First woman to serve as military chaplain in the U.S. military

Elvira "Ella"/"Ellen" Gibson Hobart (8 May 1821 – 8 March 1901) was the first woman to serve as a military chaplain in the United States military. She served during the American Civil War but was not recognized for her service until 2002. She also wrote and lectured on abolitionism and other issues.

==Biography==

Gibson worked as a teacher in Rindge, New Hampshire and became known for her writings and lecturing on abolition and other issues. She married Rev. John Hobart in 1861 and became a chaplain for the 8th Wisconsin Volunteer Infantry Regiment in the American Civil War, also known as the "Live Eagle Regiment". In 1864, Gibson became an ordained minister and served the 1st Wisconsin Regiment of Heavy Artillery, but was not recognized by then Secretary of War Edwin Stanton because she was a woman.
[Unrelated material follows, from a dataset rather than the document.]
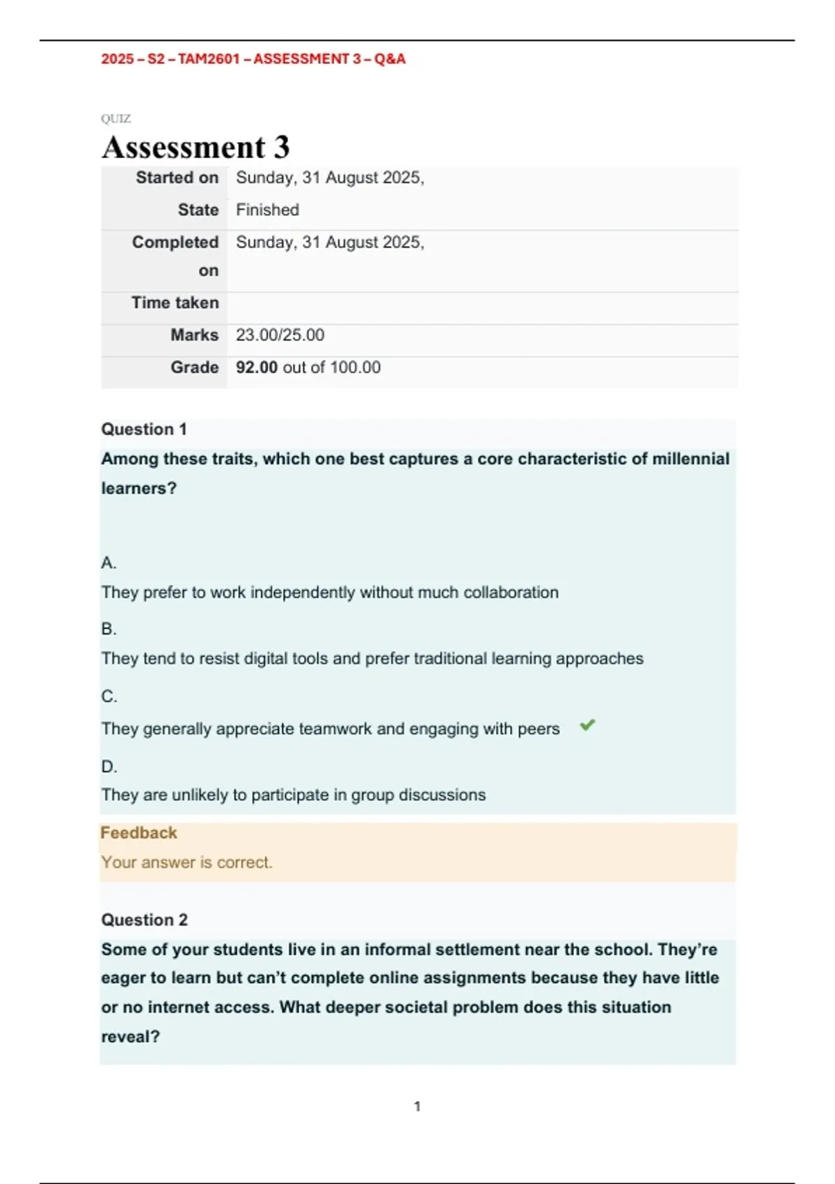 , 2025 – S2 – TAM2601 – ASSESSMENT 3 – Q&A

After the war, Gibson even had trouble getting paid for her work, and did not receive any pay until 1876. To support herself, she continued writing, often on women's issues, for such periodicals as The Truth Seeker, The Boston Investigator, The Ironclad Age, and The Moralist.

After she divorced John Hobart in 1868, she returned to using her maiden name.

She was posthumously given the rank of captain in the Chaplains Corps of the U.S. Army with the passage of Senate Bill 1438 in 2002.